Mikroenjeksiyon Kararlı Transgenik C. elegans Üretimi

Published 8/15/2008
11 Comments
  CITE THIS  SHARE 
Biology

You must be subscribed to JoVE to access this content.

Fill out the form below to receive a free trial:

Welcome!

Enter your email below to get your free 10 minute trial to JoVE!





By clicking "Submit," you agree to our policies.

 

Summary

Bu video transgenik hayvanlar oluşturmak için C. elegans gonad içine mikroenjeksiyon tekniği göstermektedir.

Cite this Article

Copy Citation

Berkowitz, L. A., Knight, A. L., Caldwell, G. A., Caldwell, K. A. Generation of Stable Transgenic C. elegans Using Microinjection. J. Vis. Exp. (18), e833, doi:10.3791/833 (2008).

Please note that all translations are automatically generated through Google Translate.

Click here for the english version. For other languages click here.

Abstract

Transgenik Caenorhabditis elegans gonad 1 DNA plazmid çözüm mikroenjeksiyon ile kolayca oluşturulabilir. Plazmid DNA, stabil bir şekilde olsa da gerçek kromozom 2 olarak aynı verimlilikle değil, miras alınır ekstrakromozomal concatamers oluşturmak için yeniden düzenler . Diseksiyon mikroskobu altında transgenik hayvanlar seçimi izin vermek, ilgi bir gen rol-6 ya da GFP gibi bariz bir fenotipik işaretleyici ile ortak enjekte edilir. Eksojen gen hücresel yerelleştirme çalışmaları için ana organizatörü ifade edilebilir. Alternatif olarak, transgen, bu belirli bir hücre ya da doku gen ürünü rolünü değerlendirmek için farklı bir doku-spesifik organizatörü tarafından sürülebilir. Bu teknikte verimli C. elegans germline ya da erken embriyo 3 hariç bütün dokularda gen ekspresyonu sürücüler. Transgenik hayvanlar oluşturulması, deneysel paradigmalar bir dizi için yaygın olarak kullanılmaktadır. Bu video transgenik solucanları oluşturmak için mikroenjeksiyon işlemi göstermektedir. Ayrıca, istikrarlı transgenik C. elegans hatları seçimi ve bakım açıklanmıştır.

Protocol

İfade Plazmid yapı

İki plazmid gereklidir: doku özel ilgi gen ekspresyonu ve seçilebilir dönüşüm belirteci olarak ikinci bir biri.

Deneysel Plazmid

  1. Örneğin faiz doku / hücre tipi, bir sinir ya da kas-özel organizatörü olarak ifade organizatörü seçin. Aynı doku içinde birden fazla genin ifade etmek için ise, Gateway sisteminin (Invitrogen) plazmid bir yararlanıcı kaset kullanılabilir. Bu yaklaşım, recombinational klonlama 4 organizatörü faiz downstream herhangi bir gen ekleme sağlar. Genellikle 2-5 kb upstream dizilerinin doğru ve doğru ifade etmek için yeterli.
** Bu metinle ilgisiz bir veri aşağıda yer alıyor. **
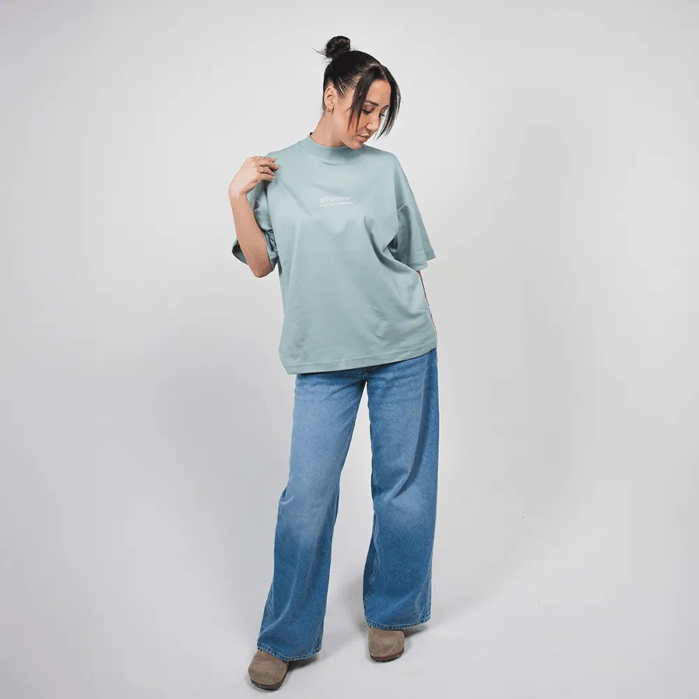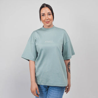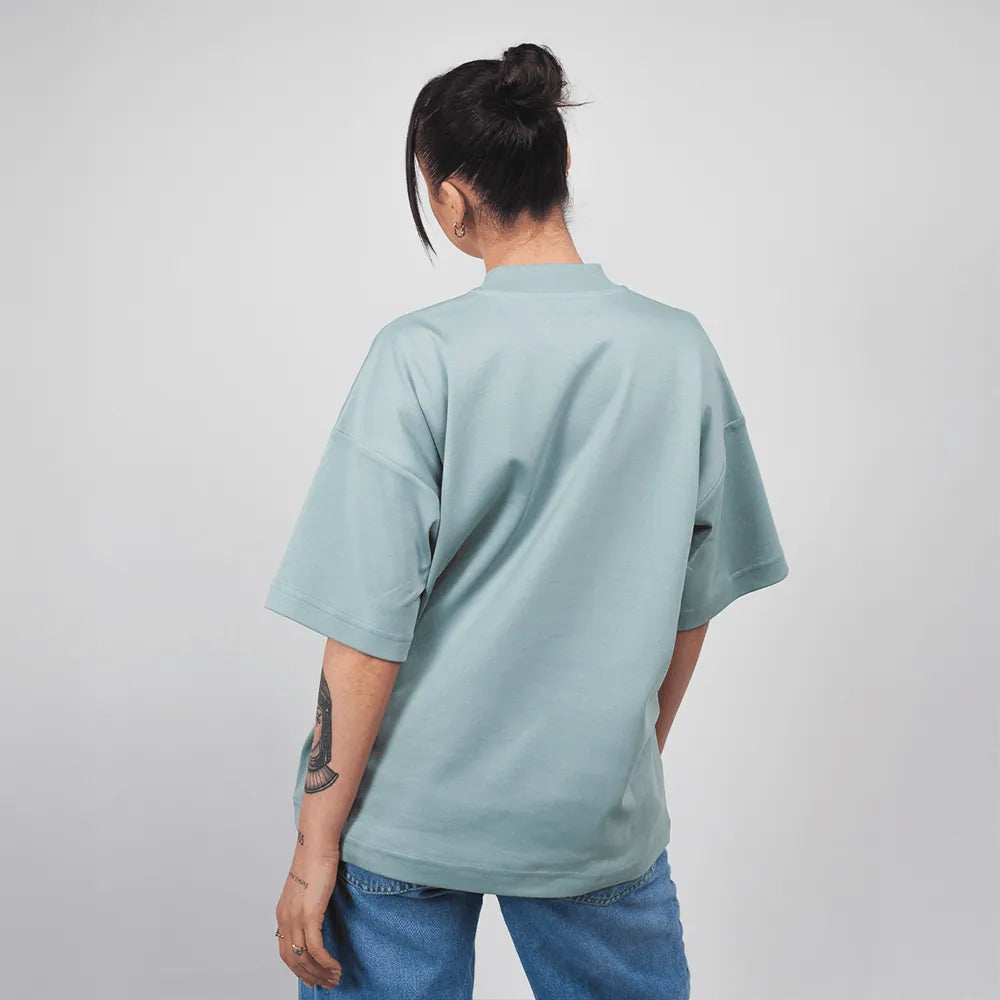 Unser Perspective Jadeite Tee in Jadegrün ist ein oversized Unisex-Shirt mit ruhiger Ausstrahlung und klarer Haltung. Auf der Vorderseite steht die Frage „can you see through another’s eyes?“ ein Detail, dass ihm Tiefe gibt. Gefertigt aus schwerer Bio-Baumwolle mit 238 g/m² fühlt sich das Shirt hochwertig an und fällt dabei angenehm locker. Der Schnitt ist entspannt, clean und für den Alltag gemacht.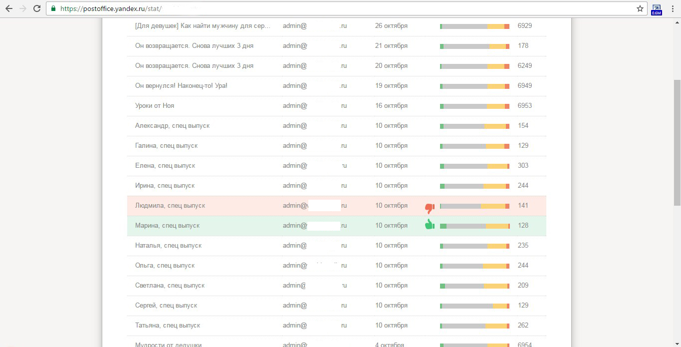 Вы будете в курсе всей необходимой информации по доставляемости, открытию сообщений, переходов по ссылкам, отпискам и многое другое.

  2. CDNA ilgi genin iki şekilde klonlanmış olabilir:
    1. Restriksiyon enzimlerini kullanarak Konvansiyonel klonlama.
    2. Gateway klonlama için, PCR Ağ Geçidi att B recombinational dizisi içeren primerler kullanılarak amplifiye. Amplifiye cDNA ilk giriş vektörü oluşturmak için donör vektör pDONR201 recombined ve sonra E. dönüştü coli suşu DH5a. Başarılı rekombinantlar ve DNA mini hazırlık izolasyon seçimi takiben, giriş vektörü ifade plazmid yaratmak için organizatörü içeren hedef vektör recombined. Recombinational klonlama Ayrıntılar Invitrogen Ağ Geçidi manuel veya Caldwell ve ark mevcuttur. 5.

Plazmid Seçilebilir Marker

Transgenik işaret plazmid örnekleri, rol-6 ya da vücut duvarı kas organizatörü unc-54 floresan protein ekspresyonu sürücü kullanımı sayılabilir. Bu işaretleyici plazmidler genellikle istek üzerine araştırma toplum içinde mevcuttur.

C. elegans, Mikroenjeksiyon

Hazırlık

  1. Enjekte edilecek olan iki plazmid DNA izolasyonu gerçekleştirin. Asitli ve 50 ng / ul her 1:1 oranında karıştırın.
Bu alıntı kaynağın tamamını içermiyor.